While there is no famine in Central Mindanao, the violent dispersal of farmers protesting in Kidapawan City last April 1, clearly manifested our policymakers’ lack of understanding of the relation between hunger and human poverty.
“Starvation is the characteristic of some people not having enough food to eat,” Sen writes in “Poverty and Famines.” “[I]t is not the characteristic of there being not enough food to eat.” The recent drought has affected 10,865 farmers, destroying 70 percent to 100 percent of corn, rice, banana and other crops in 18,238 hectares in the provinces of Maguindanao, North Cotabato and Sultan Kudarat, a report from Oxfam indicates.
Police and security forces were sent to the protest site, a stretch of the highway, to clear it. The protesters, reports say, were supported by Left-leaning cause-oriented groups.

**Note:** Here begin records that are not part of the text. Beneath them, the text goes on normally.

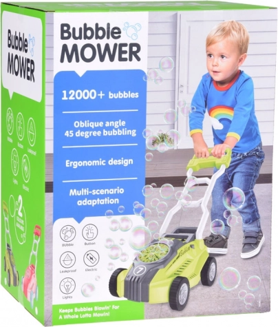 A szórakozás elkezdése nagyon egyszerű – csak töltsd fel a tartályt szappanbuborék-folyadékkal, és a gomb megnyomásával indítsd el a fűnyírót. Ennek eredményeként gyönyörű szappanbuborékok szállnak gyorsan a levegőbe, szétoszlanak a környezetben, és varázslatos hangulatot teremtenek.
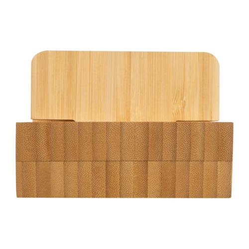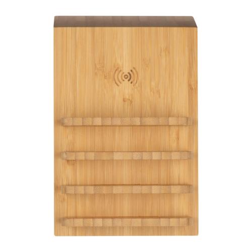 Bamboo charging station for four smartphones or tablets with one wireless charging slot, two USB ports and one USB-C port. Charging cable included.
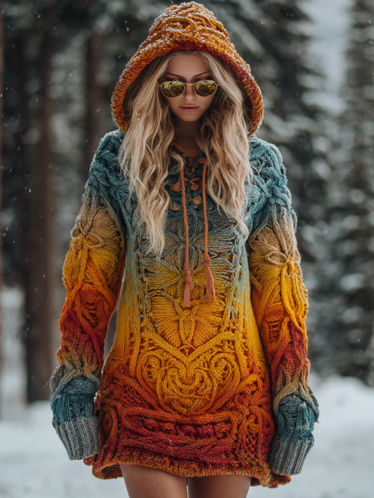 Women's Gradient Color Hooded Long Sweater With Viking Style Tribal Totem
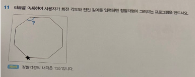 t.left(360/s) # 각도는 360도를 도형의 몇각형으로 나누면 됨
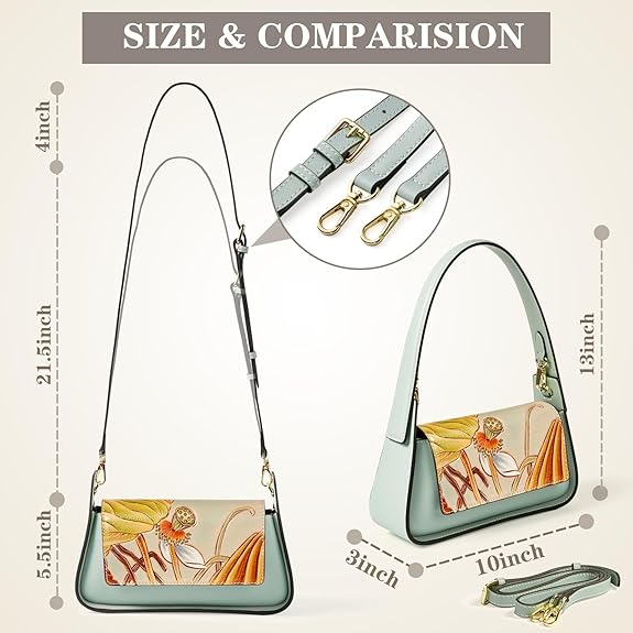 • Nhiều kiểu mang: Túi xách da thuần chay dành cho phụ nữ có kích thước (D) 10" x (R) 3" x (C) 13". Dây đeo vai có kích thước 27-31 inch. Có 2 dây đeo có thể điều chỉnh và tháo rời, có thể sử dụng làm túi đeo chéo hoặc túi đeo vai
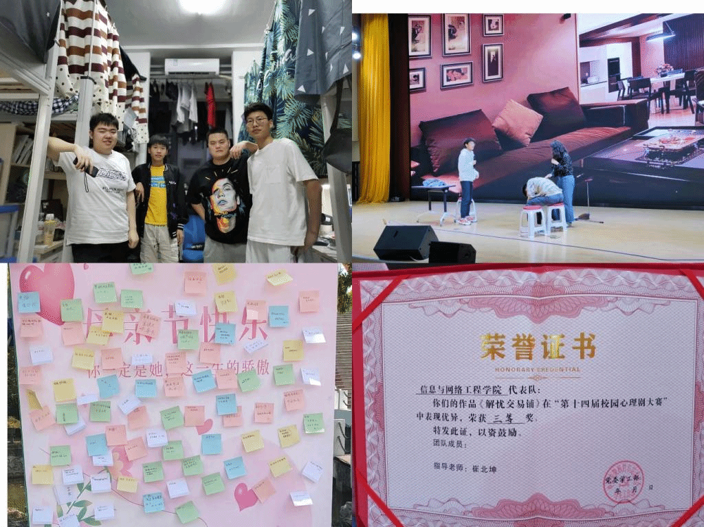 5月1日前,信息与网络工程学院参加完美app官方在线入口第十四届校园心理剧大赛,本次比赛以学院为单位,共有6支队伍参加了本次比赛。在比赛过程中,各队参赛作品涵盖了家庭亲子关系、心理健康咨询、学业问题、情感与恋爱等方面,参演同学将自身的真实情感融入所扮演角色之中,用极具感染力的语言,丰富的肢体动作将生活学习中遇到的问题还原再现,并通过剧情再现的方式告诉同学如何化解心理问题。最终,我院获得本次心理剧大赛三等奖的成绩。
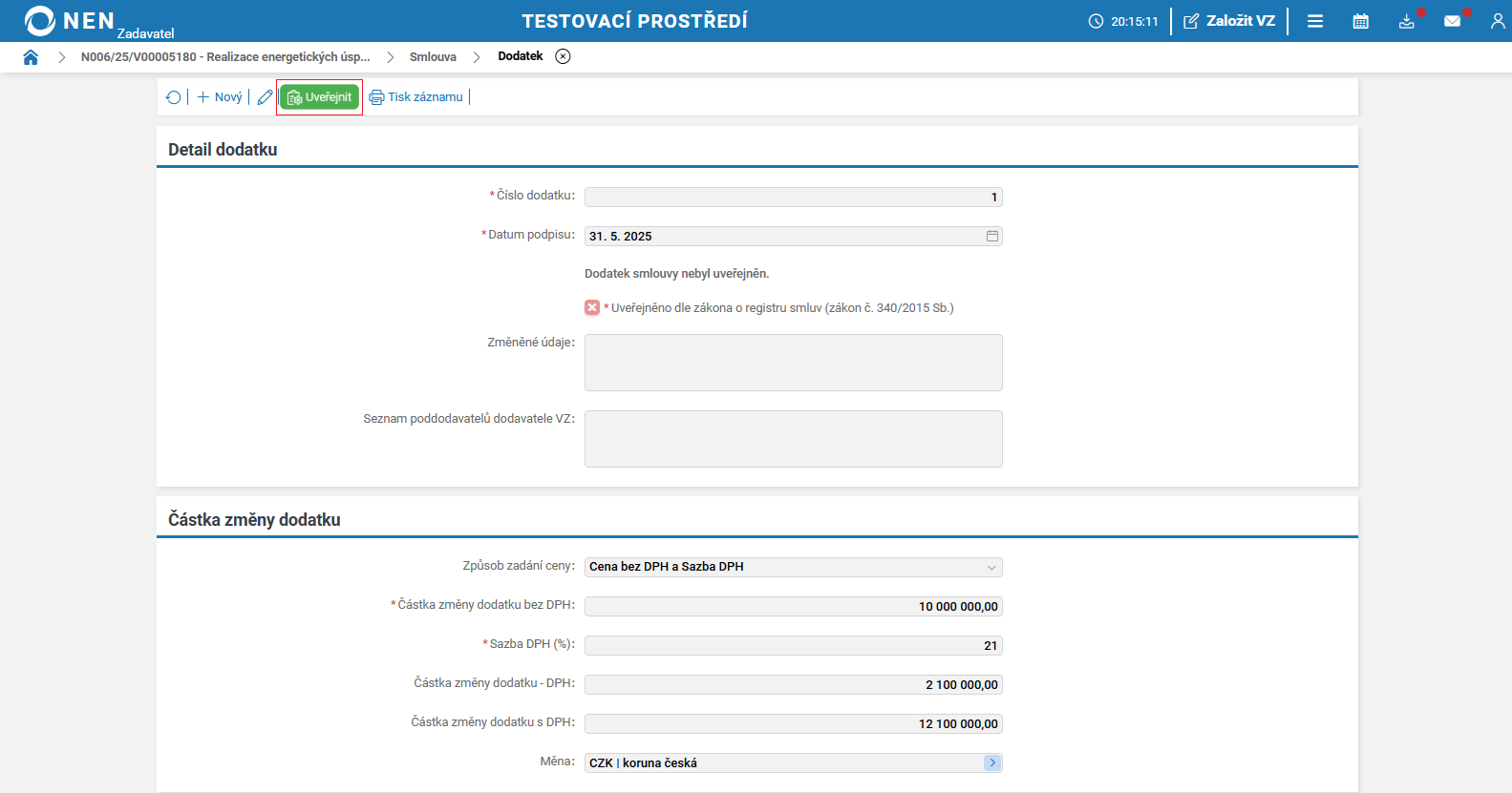 Aby došlo k uveřejnění „Aktualizované smluvní ceny“ na profil zadavatele, je nutné uveřejnit dodatek, a to pomocí tlačítka „Uveřejnit”, které se nachází v horní liště. Systém NEN bude společně s uveřejněním dodatku smlouvy uveřejňovat data výsledku (smlouvy) zadávacího postupu.

But some government and police officials suggest that these groups were using the farmers for their political agenda.
But there is nothing wrong in fighting for the rights of the poor, whatever your ideological inclination is. The demands of farmers don’t appear unreasonable. In fact, democracy thrives in dissent. The actual problem ensues when the state uses violent and excessive force to deny poor people their right to express their sentiments.
The farmers were only begging for food, but local officials—who should be responsible for their welfare—have served them death.
According to the World Bank, more than a third of the Filipino workforce is into agriculture, but agricultural output only accounts for 12 percent of the country’s gross domestic product. The Department of Agriculture has a budget of P48.447 billion for 2016, which is not even 2 percent of the P3.002-trillion National Expenditure Program for the year. Clearly then, our farmers and fishermen are the most deprived. If we add to this narrative the P71-billion coco levy fund that has been denied our coconut farmers, its rightful owners, then the reality is tragic.
The problem is clearly institutional. Sen notes that “a capitalist economy will not only permit the private ownership of the means of production—that is indeed one of its main foundations.” The big problem is that our farmers do not have the means to produce their own goods. They have to borrow money from unscrupulous financiers. Given the reality of a crop failure, they will be unable to repay their loans. Since it is often hard to access government financing programs because of the murderous bureaucratic red tape in the country, then the logical conclusion is a disaster waiting to happen.
The greater evil is that instead of protecting the interest of our starving farmers as a solemn mandate, some government officials have resorted to the use of violence. Our officials need to understand that “the exchange entitlements faced by a person depend, naturally,” according to Sen, “on his position in the economic class structure as well as the modes of production in the economy.” Our farmers, exploited no end, are powerless in the design of economic and social policies. For this reason, their lives and the future of their children have been stolen from them.
The fact that cause-oriented groups are there and that one local church has been helping the protesters should be welcomed as a principled way of giving life to our democracy. In truth, our government has failed, policy-wise, in instituting practices and ways to reach out to farmer-beneficiaries without the latter having to resort to protests. Precisely, if the mechanisms have been set in place to help poor farmers, then they would not need to fight for their survival.
“Policy is a function of political organization, and depends on a variety of factors, including the nature of the government, the sources of its power, and the forces exerted by other organizations,” Sen claims. Given the impact of climate change, a drought may not be avoidable, but its effects can be mitigated. Indeed, “starvation implies the reality of poverty,” but poverty should not automatically result in starvation because the country has the resource to be able to redistribute to the poor all the basic social goods as a safety net.
Sen thinks that there are “institutional factors affecting food entitlements through production and exchange.” Our farmers, in this sense, will not only need tractors, fertilizers and seeds. In order to truly change the lives of our farmers, what is needed is to transform our age-old feudal system in order to give back to the farmers not only their land but also their basic freedoms so that they are liberated from the oppressive ways of a feudal economy and can live dignified lives.
Christopher Ryan Maboloc is assistant professor of philosophy at Ateneo de Davao University. He has a master’s degree in applied ethics from Linkoping University in Sweden.